_ASSIGNMENT:_ Find the line below with "Termes de recherche" and the line with "連合福井嶺南地協役員、女性委". Output exactly those lines and everything between them, leaving out the pictures.

========

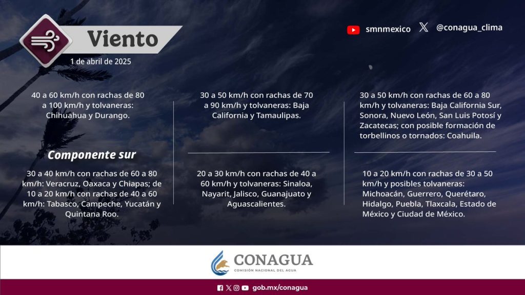 Viento de 10 a 20 km/h con rachas de 30 a 50 km/h y posibles tolvaneras en Michoacán, Guerrero, Querétaro, Hidalgo, Puebla, Tlaxcala, Estado de México y Ciudad de México.
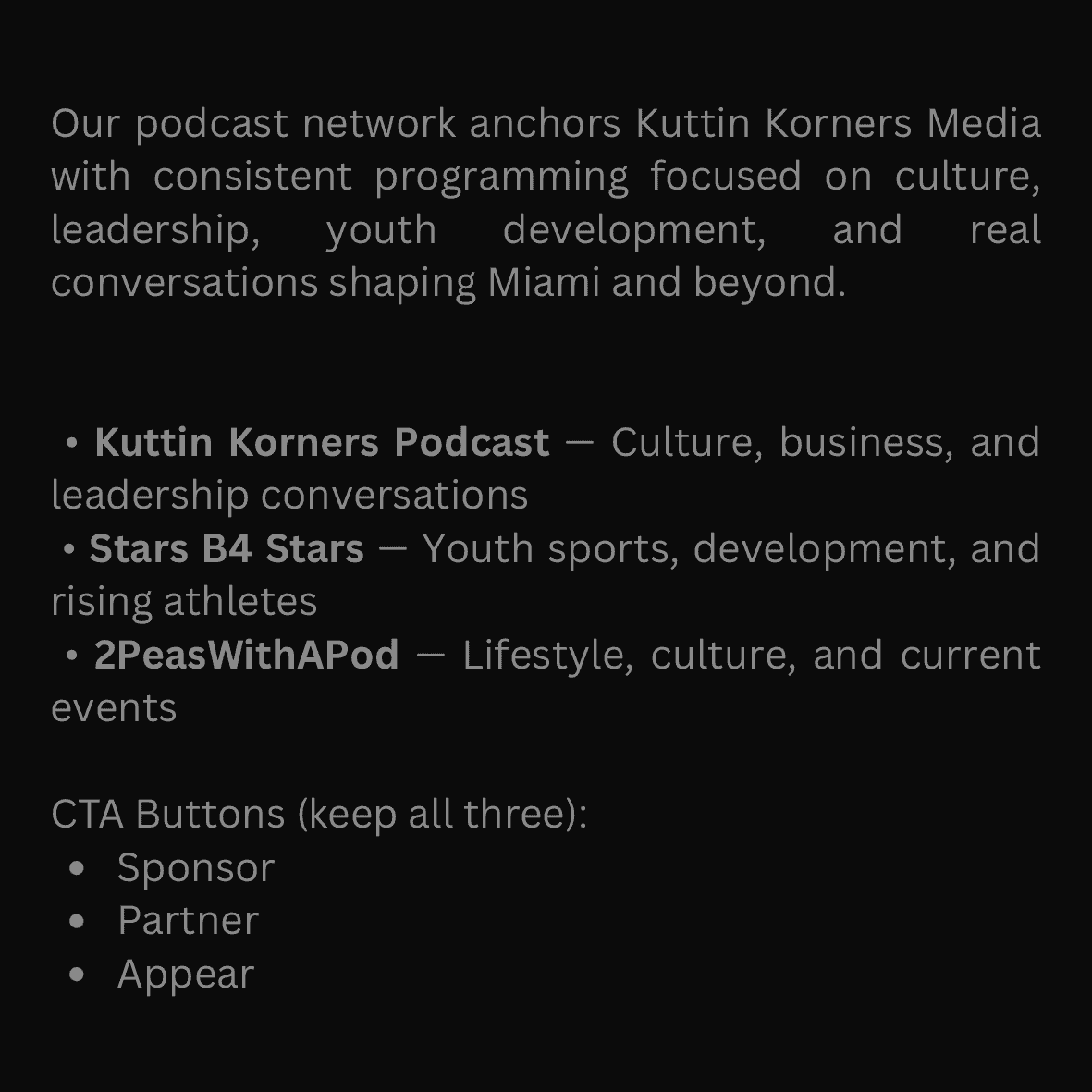 Krush TV 101, the flagship media property of Kuttin Korners Media, delivers podcast interviews, community-driven stories, and digital content spotlighting Miami’s entrepreneurs, entertainers, and athletes.
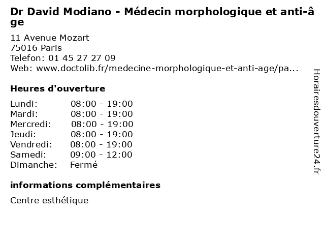 Termes de recherche pour Dr David Modiano - Médecin morphologique et anti-âge:et, david, medecine, medical, secretariat, traitement, age, médecin, dr, pharmaceutique, anti, morphologique, centre médical, modiano |
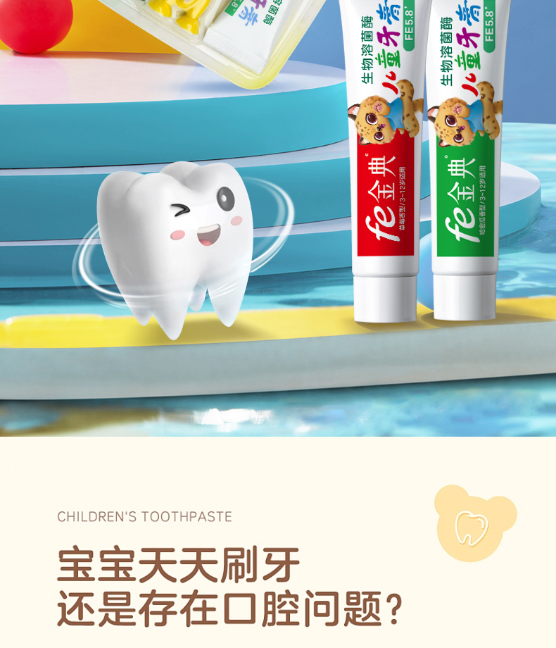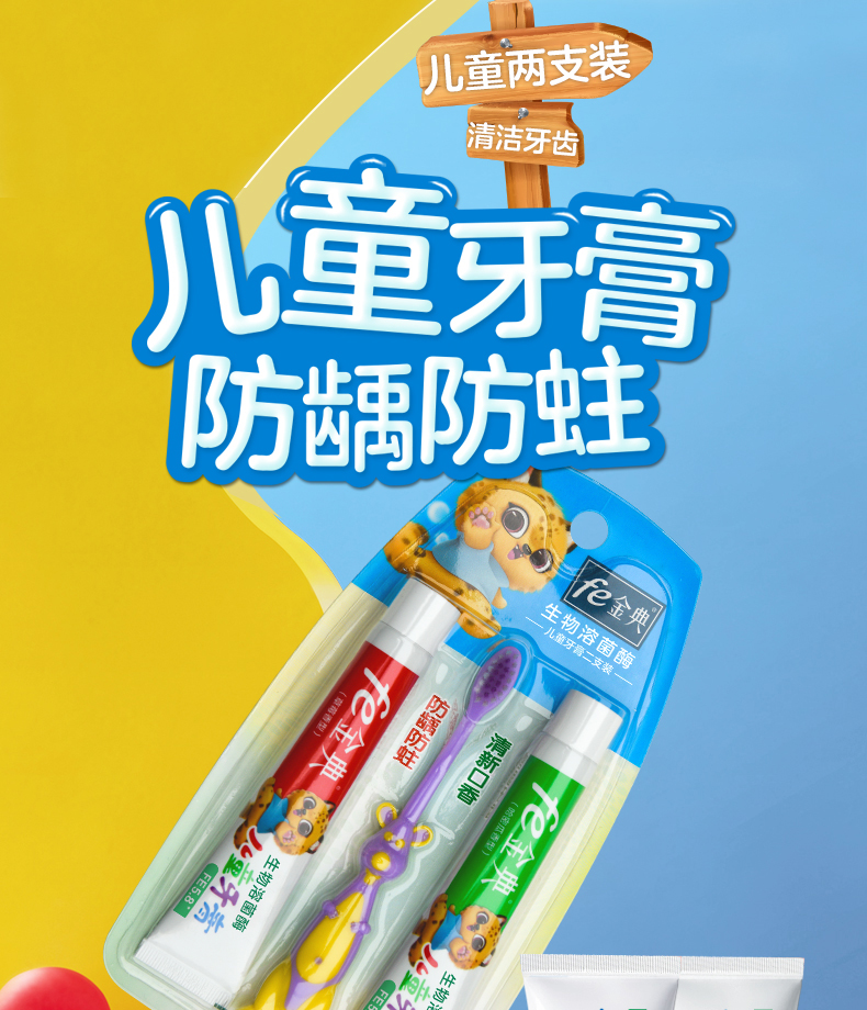 【双十二】fe金典口腔·早晚儿童牙膏带牙刷45g*2(草莓+哈密瓜)82023
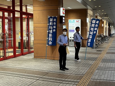 連合福井嶺南地協役員、女性委員、推薦議員、連合福井執行委員からの協力をいただいて、「男女平等参画社会」や「ハラスメントと暴力の禁止」について呼びかけをしました!
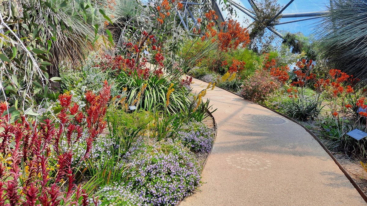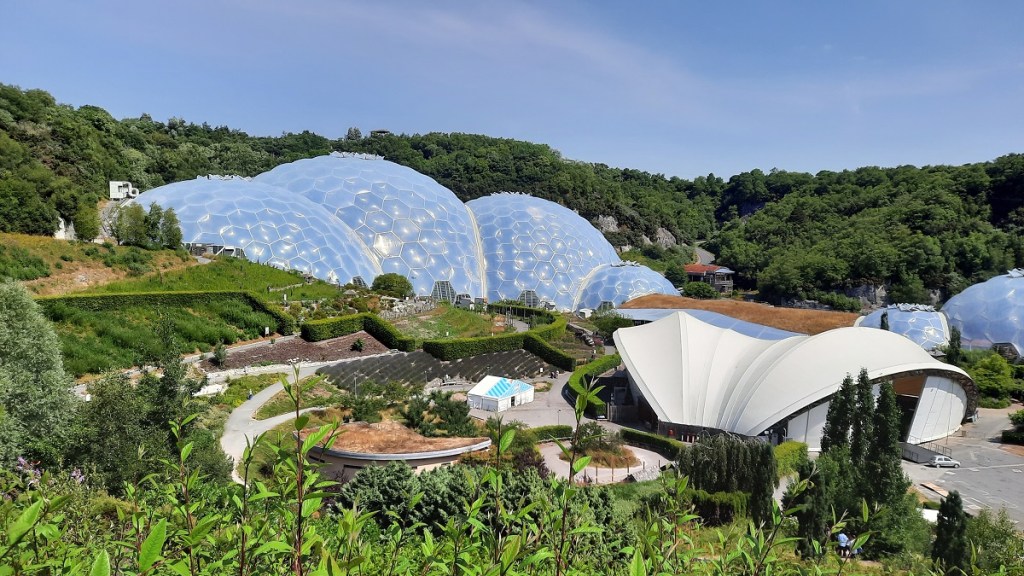 The family wasn’t particularly anxious to join me on today’s visit. We did the trip at this time last year and at an entry cost of £150 for the four of us, I wasn’t surprised. However, I was able to book my ticket using Tesco vouchers so today I set off to visit the Eden Project. It’s a drive of around 25 miles up the coast and I’d booked my slot for 11.30. It covers a lot of ground around the paths of the old, disused quarry in which the project is built. So I unloaded my scooter and used that. My first surprise was the numbers attending. Last year, I joined a fifty-yard queue before reaching one of the box offices. This time, I went straight in without waiting. Maybe the hot weather had put visitors off, but also I wonder if the organisation is not in danger of pricing itself out of the market. £100 is an expensive visit for Mum and Dad and two kids – even without the inevitable ice-creams and drinks. Still, it was interesting to ride through the rain forests of South America and the gardens of the Mediterranean and Australian regions again.

========

_RESULT OF THE EXERCISE:_
 Termes de recherche pour Dr David Modiano - Médecin morphologique et anti-âge:et, david, medecine, medical, secretariat, traitement, age, médecin, dr, pharmaceutique, anti, morphologique, centre médical, modiano |
 【双十二】fe金典口腔·早晚儿童牙膏带牙刷45g*2(草莓+哈密瓜)82023
 連合福井嶺南地協役員、女性委員、推薦議員、連合福井執行委員からの協力をいただいて、「男女平等参画社会」や「ハラスメントと暴力の禁止」について呼びかけをしました!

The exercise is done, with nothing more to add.